MOSES - Benchmarking platform for generative models.

Propose a platform to deploy and compare state-of-the-art generative models for exploring molecular space on same dataset. In addition the authors also propose list of metrics to evaluate the quality and diversity of the generated structures.

GuacaMol: Benchmarking models for De Novo Molecular Design. Blogpost

Evaluation framework from BenevolentAI to compare different de-novo design models.

J. Zhang, R. Mercado, O. Engkvist, and H. Chen, “Comparative Study of Deep Generative Models on Chemical Space Coverage,” J. Chem.
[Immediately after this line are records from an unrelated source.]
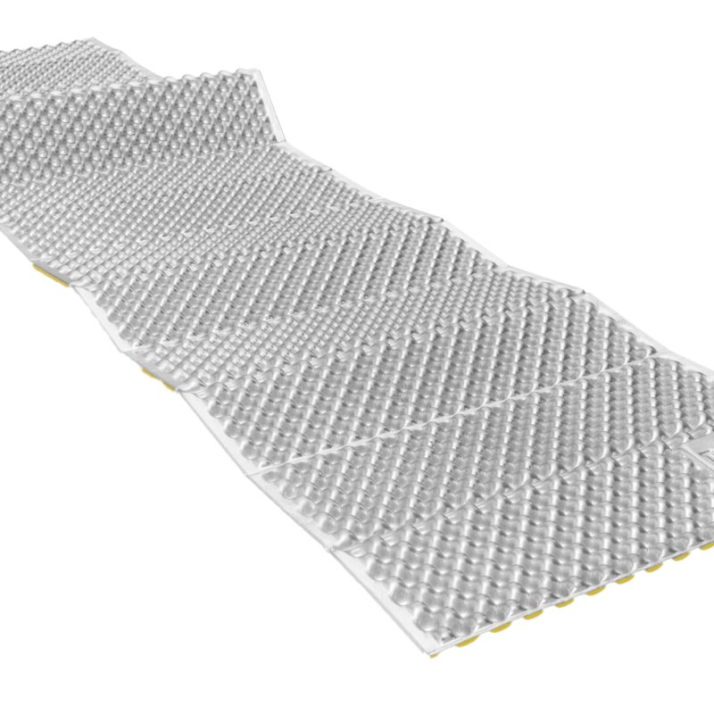 A closed-cell foam sleeping mat with compact accordion-style shape and heat-trapping dimples. A reflective ThermaCapture coating slows radiant heat loss and increases warmth by nearly 20%. 2.0 R-Value. 410g. www.ampro.co.nz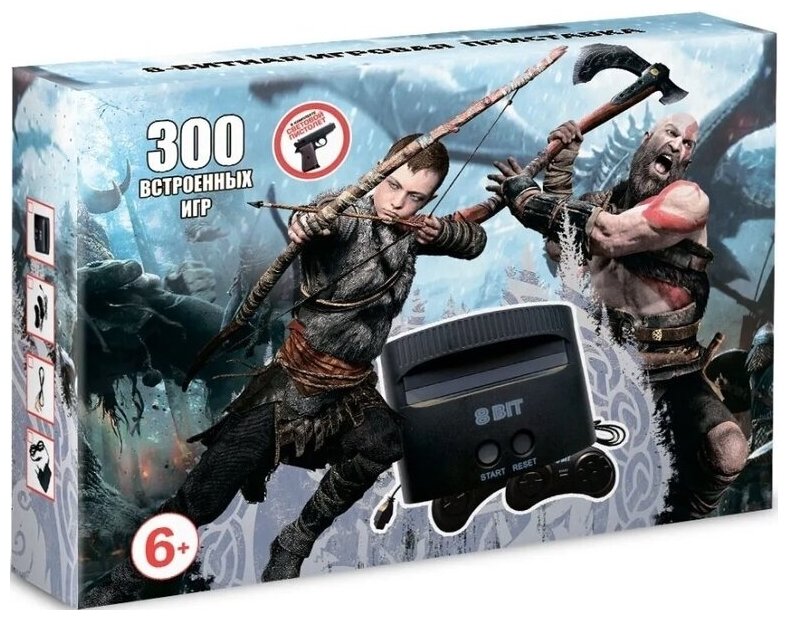 Игровая приставка NES God of War (300 Игр 8-Bit), два джойстика и световой пистолет интересное: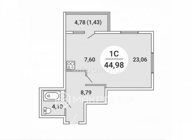 - Общая площадь: 45 м2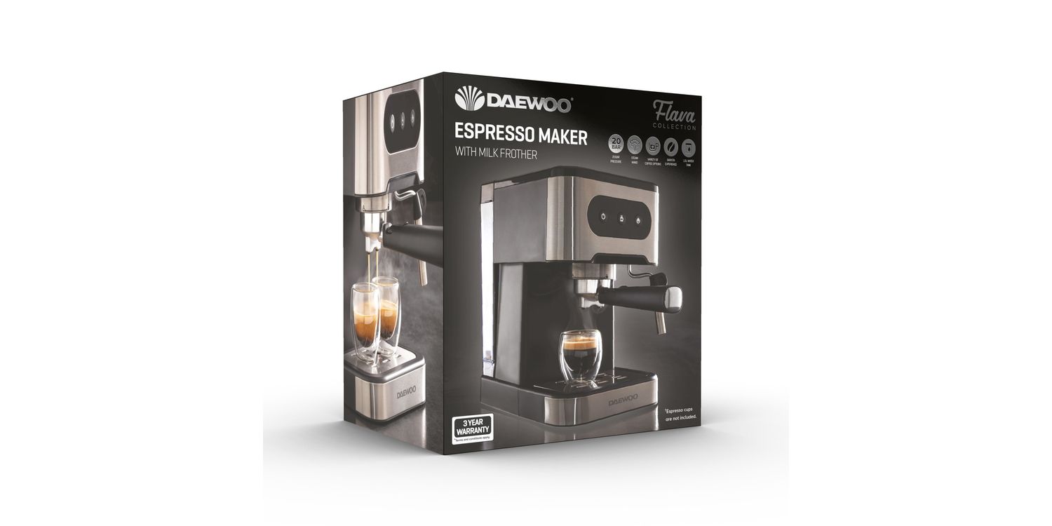 Introducing the Daewoo 20 Bar Espresso Coffee Maker with Steam Wand - your gateway to café-quality coffee in the comfort of your home. With a powerful 20-bar pressure system, this espresso machine delivers rich, full-bodied coffee with a silky crema, perfect for those who appreciate a professionally brewed cup.

Inf. Model., vol. 61, no. 6, pp. 2572–2581, Jun. 2021.

Interesting analysis from team at AstraZeneca R&D. They look at the chemical space coverage accounted by the SOTA generative models. Proposes a metric for evaluating space coverage, and thereby comparing different SOTA models, using a reference data (GDB-13 in this case). The new metric computes how much of the GDB-13 dataset can be recovered by a model that is trained on small GDB subset. Generative models were trained on same 1M data points and 1B molecules were then sampled from each model. It was seen that at most 39% of the molecules in the parent dataset were sampled / generated by the model. Most models sampled the same compounds atleast twice. It was observed that graph-based model sampled much diverse molecules than string-based methods. Besides, the coverage of GAN-based models was worse compared to Language and Graph models.

Gao, W.; Coley, C. W. The Synthesizability of Molecules Proposed by Generative Models. J. Chem. Inf. Model. 2020

This paper looks at different ways of integrating synthesizability criteria into generative models.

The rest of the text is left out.